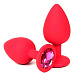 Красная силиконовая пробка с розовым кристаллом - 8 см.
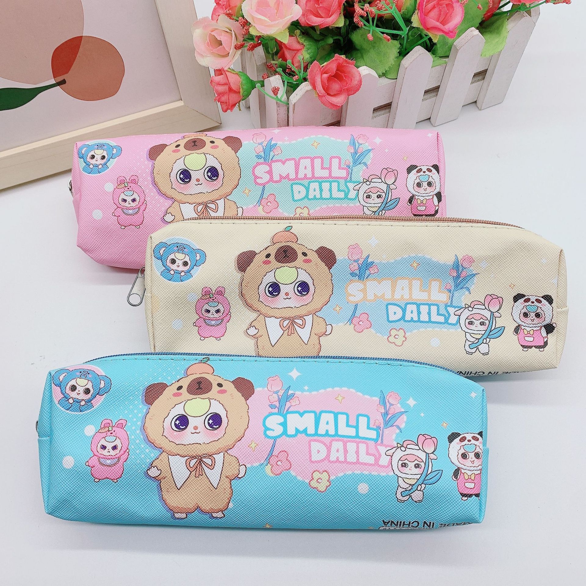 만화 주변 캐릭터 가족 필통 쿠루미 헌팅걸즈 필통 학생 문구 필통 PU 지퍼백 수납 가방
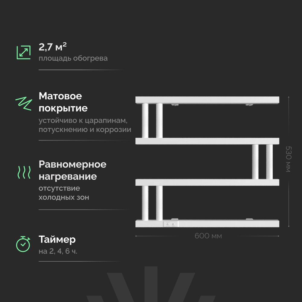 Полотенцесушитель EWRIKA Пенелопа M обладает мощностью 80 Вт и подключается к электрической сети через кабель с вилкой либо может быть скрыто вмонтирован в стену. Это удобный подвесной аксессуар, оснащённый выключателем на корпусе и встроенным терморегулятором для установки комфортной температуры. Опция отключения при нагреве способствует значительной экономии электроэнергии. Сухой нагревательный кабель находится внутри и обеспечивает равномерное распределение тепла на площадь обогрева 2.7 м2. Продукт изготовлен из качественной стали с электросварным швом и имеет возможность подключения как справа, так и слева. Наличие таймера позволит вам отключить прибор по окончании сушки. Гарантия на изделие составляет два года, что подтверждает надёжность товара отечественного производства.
#####
■ INSTRUCTIONS TO FOLLOW: Please repeat each line above exactly as it appears, but omit the pictures.

■ WRITTEN ANSWER:
 Красная силиконовая пробка с розовым кристаллом - 8 см.
 만화 주변 캐릭터 가족 필통 쿠루미 헌팅걸즈 필통 학생 문구 필통 PU 지퍼백 수납 가방
 Полотенцесушитель EWRIKA Пенелопа M обладает мощностью 80 Вт и подключается к электрической сети через кабель с вилкой либо может быть скрыто вмонтирован в стену. Это удобный подвесной аксессуар, оснащённый выключателем на корпусе и встроенным терморегулятором для установки комфортной температуры. Опция отключения при нагреве способствует значительной экономии электроэнергии. Сухой нагревательный кабель находится внутри и обеспечивает равномерное распределение тепла на площадь обогрева 2.7 м2. Продукт изготовлен из качественной стали с электросварным швом и имеет возможность подключения как справа, так и слева. Наличие таймера позволит вам отключить прибор по окончании сушки. Гарантия на изделие составляет два года, что подтверждает надёжность товара отечественного производства.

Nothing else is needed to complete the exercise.